**ASSIGNMENT**
Omit every picture. Return all other data as it stands.
+--
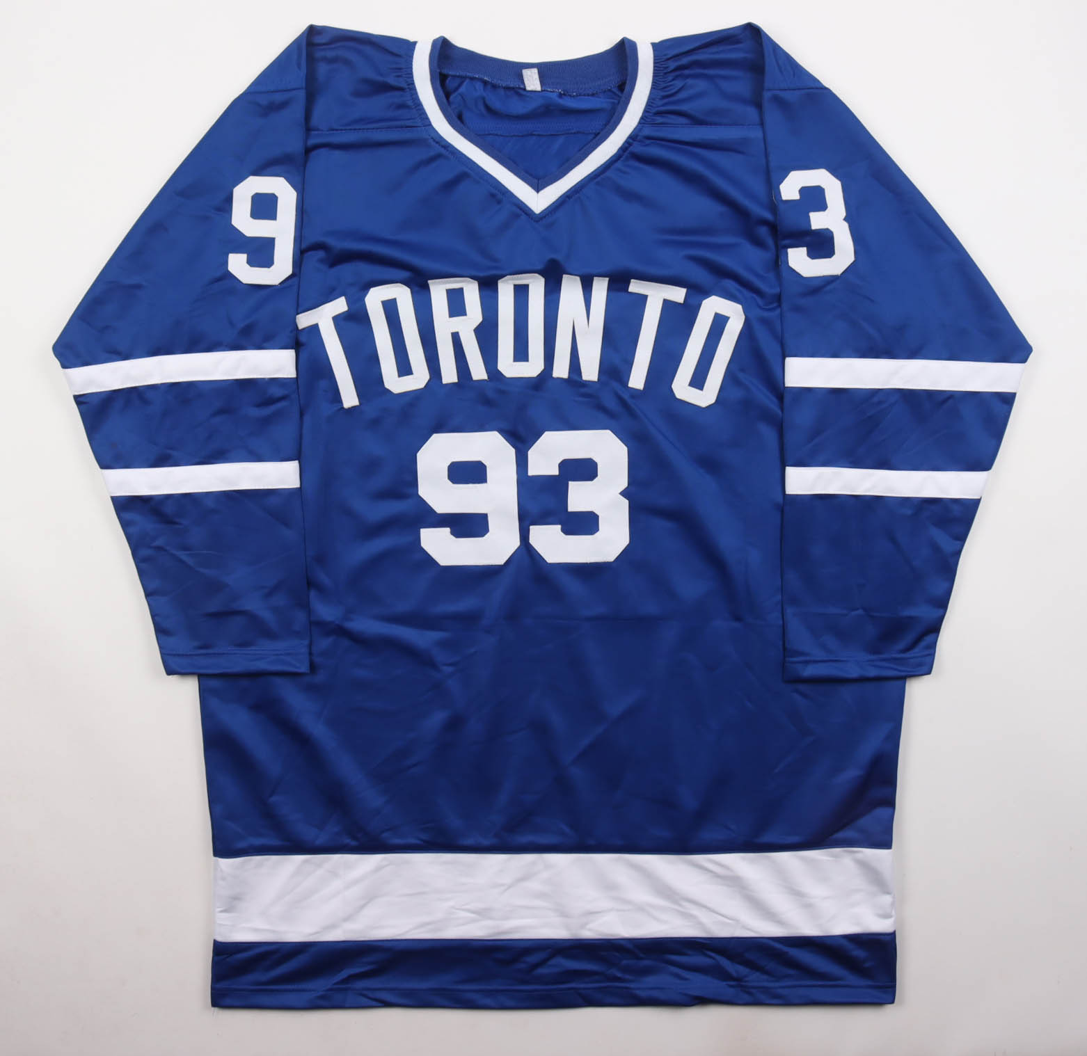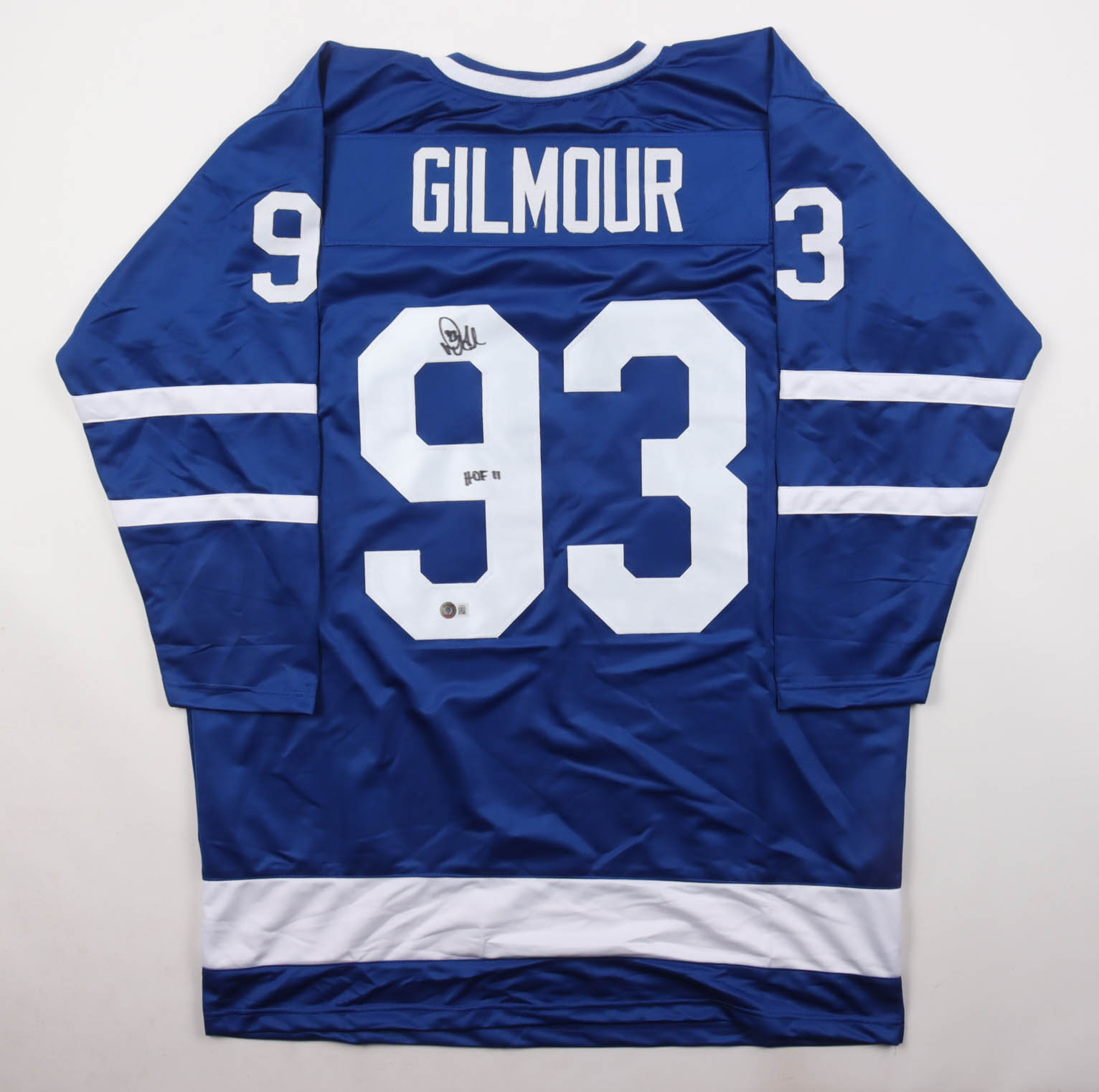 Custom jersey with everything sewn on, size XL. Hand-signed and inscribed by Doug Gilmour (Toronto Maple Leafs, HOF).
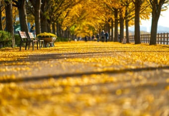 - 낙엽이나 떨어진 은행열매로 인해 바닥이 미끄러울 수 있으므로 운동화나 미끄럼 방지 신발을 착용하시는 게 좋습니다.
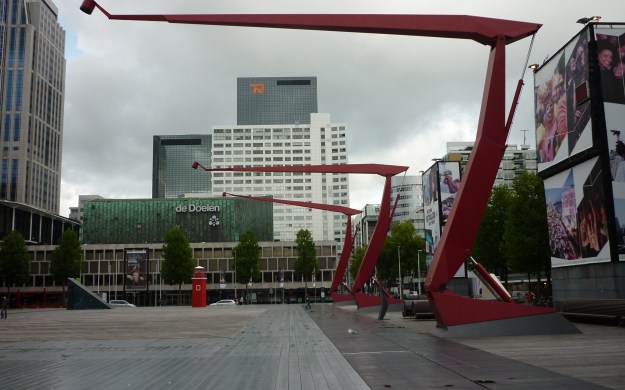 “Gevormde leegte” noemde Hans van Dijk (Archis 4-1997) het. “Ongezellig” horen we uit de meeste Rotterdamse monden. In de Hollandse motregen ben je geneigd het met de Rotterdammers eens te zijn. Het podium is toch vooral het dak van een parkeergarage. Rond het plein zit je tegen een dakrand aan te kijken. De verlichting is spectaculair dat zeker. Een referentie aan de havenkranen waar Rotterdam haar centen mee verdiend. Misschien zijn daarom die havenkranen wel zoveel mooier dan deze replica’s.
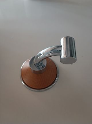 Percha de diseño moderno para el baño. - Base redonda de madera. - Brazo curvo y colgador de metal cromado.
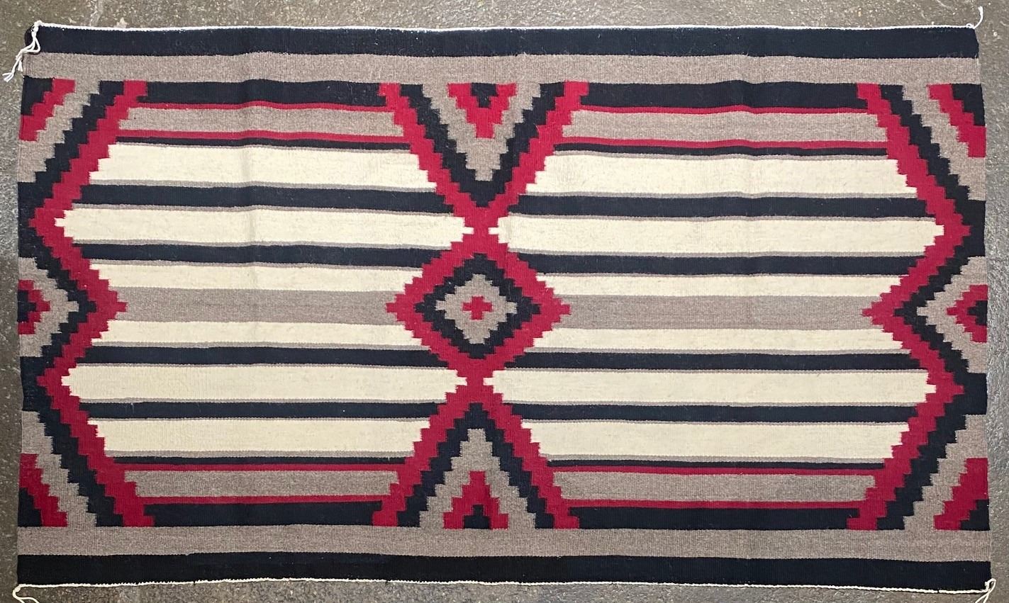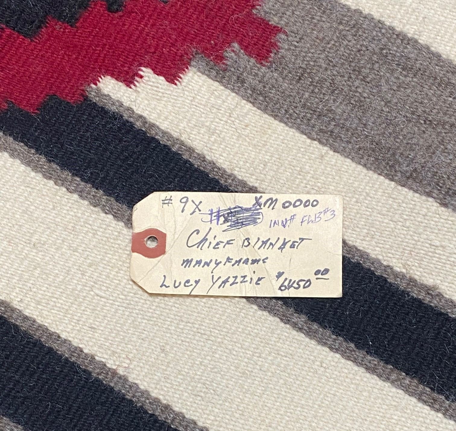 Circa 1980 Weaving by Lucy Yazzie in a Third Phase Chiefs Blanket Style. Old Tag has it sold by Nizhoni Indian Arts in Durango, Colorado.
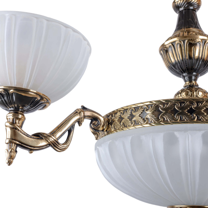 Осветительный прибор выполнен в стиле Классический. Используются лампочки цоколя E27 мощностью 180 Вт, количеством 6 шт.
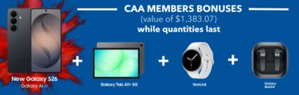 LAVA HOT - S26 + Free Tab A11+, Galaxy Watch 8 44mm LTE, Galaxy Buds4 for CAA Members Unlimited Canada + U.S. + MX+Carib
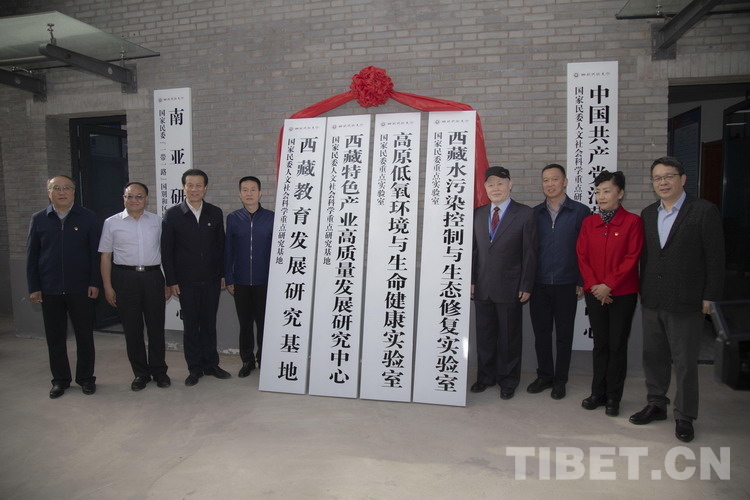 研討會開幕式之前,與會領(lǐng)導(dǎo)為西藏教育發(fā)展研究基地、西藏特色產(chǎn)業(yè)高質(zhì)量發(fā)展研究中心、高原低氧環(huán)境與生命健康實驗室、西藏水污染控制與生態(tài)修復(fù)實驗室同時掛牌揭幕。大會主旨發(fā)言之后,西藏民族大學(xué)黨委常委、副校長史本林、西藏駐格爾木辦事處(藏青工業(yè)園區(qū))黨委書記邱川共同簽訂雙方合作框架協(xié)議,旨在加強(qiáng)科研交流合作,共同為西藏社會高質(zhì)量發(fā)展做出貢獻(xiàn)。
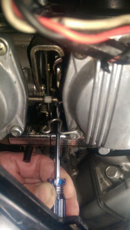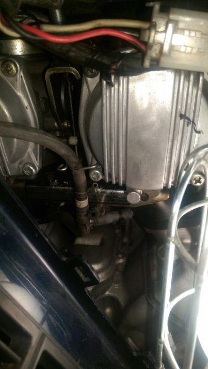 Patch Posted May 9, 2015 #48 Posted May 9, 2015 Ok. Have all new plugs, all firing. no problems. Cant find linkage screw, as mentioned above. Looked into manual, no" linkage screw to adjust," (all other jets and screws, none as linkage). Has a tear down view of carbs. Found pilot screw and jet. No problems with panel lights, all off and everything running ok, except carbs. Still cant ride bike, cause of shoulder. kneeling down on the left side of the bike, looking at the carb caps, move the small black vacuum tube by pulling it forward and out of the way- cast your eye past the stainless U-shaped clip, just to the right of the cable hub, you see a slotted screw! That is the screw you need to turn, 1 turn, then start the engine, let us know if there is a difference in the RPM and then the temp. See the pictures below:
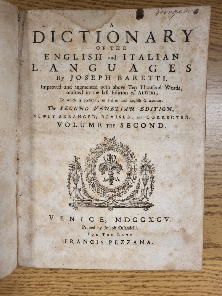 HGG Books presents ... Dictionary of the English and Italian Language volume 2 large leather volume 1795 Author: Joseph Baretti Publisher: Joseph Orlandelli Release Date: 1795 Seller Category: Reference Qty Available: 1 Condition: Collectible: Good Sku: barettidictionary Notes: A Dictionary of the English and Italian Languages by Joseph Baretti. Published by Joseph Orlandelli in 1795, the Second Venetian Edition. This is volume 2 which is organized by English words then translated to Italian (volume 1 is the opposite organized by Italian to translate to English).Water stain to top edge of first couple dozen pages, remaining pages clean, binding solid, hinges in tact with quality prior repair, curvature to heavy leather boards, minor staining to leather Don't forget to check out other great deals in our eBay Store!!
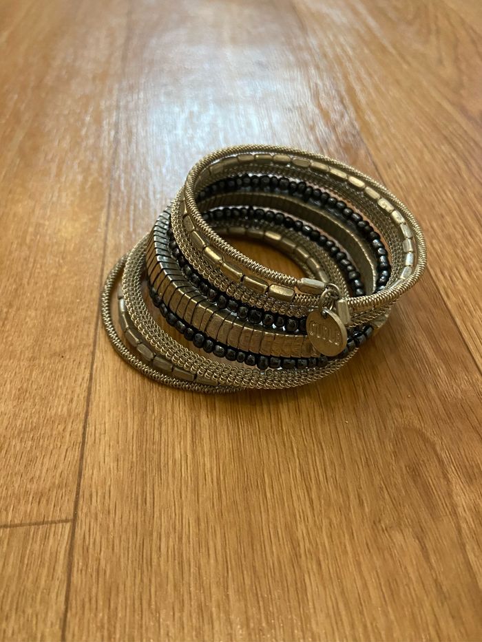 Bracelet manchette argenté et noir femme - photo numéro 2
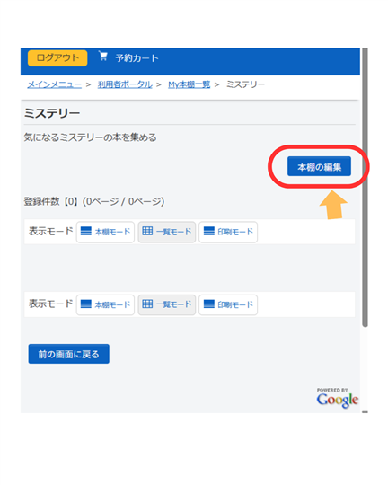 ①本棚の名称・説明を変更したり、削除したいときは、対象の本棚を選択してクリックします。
+--
**REPLY TO THE TASK**
 Custom jersey with everything sewn on, size XL. Hand-signed and inscribed by Doug Gilmour (Toronto Maple Leafs, HOF).
 - 낙엽이나 떨어진 은행열매로 인해 바닥이 미끄러울 수 있으므로 운동화나 미끄럼 방지 신발을 착용하시는 게 좋습니다.
 “Gevormde leegte” noemde Hans van Dijk (Archis 4-1997) het. “Ongezellig” horen we uit de meeste Rotterdamse monden. In de Hollandse motregen ben je geneigd het met de Rotterdammers eens te zijn. Het podium is toch vooral het dak van een parkeergarage. Rond het plein zit je tegen een dakrand aan te kijken. De verlichting is spectaculair dat zeker. Een referentie aan de havenkranen waar Rotterdam haar centen mee verdiend. Misschien zijn daarom die havenkranen wel zoveel mooier dan deze replica’s.
 Percha de diseño moderno para el baño. - Base redonda de madera. - Brazo curvo y colgador de metal cromado.
 Circa 1980 Weaving by Lucy Yazzie in a Third Phase Chiefs Blanket Style. Old Tag has it sold by Nizhoni Indian Arts in Durango, Colorado.
 Осветительный прибор выполнен в стиле Классический. Используются лампочки цоколя E27 мощностью 180 Вт, количеством 6 шт.
 LAVA HOT - S26 + Free Tab A11+, Galaxy Watch 8 44mm LTE, Galaxy Buds4 for CAA Members Unlimited Canada + U.S. + MX+Carib
 研討會開幕式之前,與會領(lǐng)導(dǎo)為西藏教育發(fā)展研究基地、西藏特色產(chǎn)業(yè)高質(zhì)量發(fā)展研究中心、高原低氧環(huán)境與生命健康實驗室、西藏水污染控制與生態(tài)修復(fù)實驗室同時掛牌揭幕。大會主旨發(fā)言之后,西藏民族大學(xué)黨委常委、副校長史本林、西藏駐格爾木辦事處(藏青工業(yè)園區(qū))黨委書記邱川共同簽訂雙方合作框架協(xié)議,旨在加強(qiáng)科研交流合作,共同為西藏社會高質(zhì)量發(fā)展做出貢獻(xiàn)。
 Patch Posted May 9, 2015 #48 Posted May 9, 2015 Ok. Have all new plugs, all firing. no problems. Cant find linkage screw, as mentioned above. Looked into manual, no" linkage screw to adjust," (all other jets and screws, none as linkage). Has a tear down view of carbs. Found pilot screw and jet. No problems with panel lights, all off and everything running ok, except carbs. Still cant ride bike, cause of shoulder. kneeling down on the left side of the bike, looking at the carb caps, move the small black vacuum tube by pulling it forward and out of the way- cast your eye past the stainless U-shaped clip, just to the right of the cable hub, you see a slotted screw! That is the screw you need to turn, 1 turn, then start the engine, let us know if there is a difference in the RPM and then the temp. See the pictures below:
 HGG Books presents ... Dictionary of the English and Italian Language volume 2 large leather volume 1795 Author: Joseph Baretti Publisher: Joseph Orlandelli Release Date: 1795 Seller Category: Reference Qty Available: 1 Condition: Collectible: Good Sku: barettidictionary Notes: A Dictionary of the English and Italian Languages by Joseph Baretti. Published by Joseph Orlandelli in 1795, the Second Venetian Edition. This is volume 2 which is organized by English words then translated to Italian (volume 1 is the opposite organized by Italian to translate to English).Water stain to top edge of first couple dozen pages, remaining pages clean, binding solid, hinges in tact with quality prior repair, curvature to heavy leather boards, minor staining to leather Don't forget to check out other great deals in our eBay Store!!
 Bracelet manchette argenté et noir femme - photo numéro 2
 ①本棚の名称・説明を変更したり、削除したいときは、対象の本棚を選択してクリックします。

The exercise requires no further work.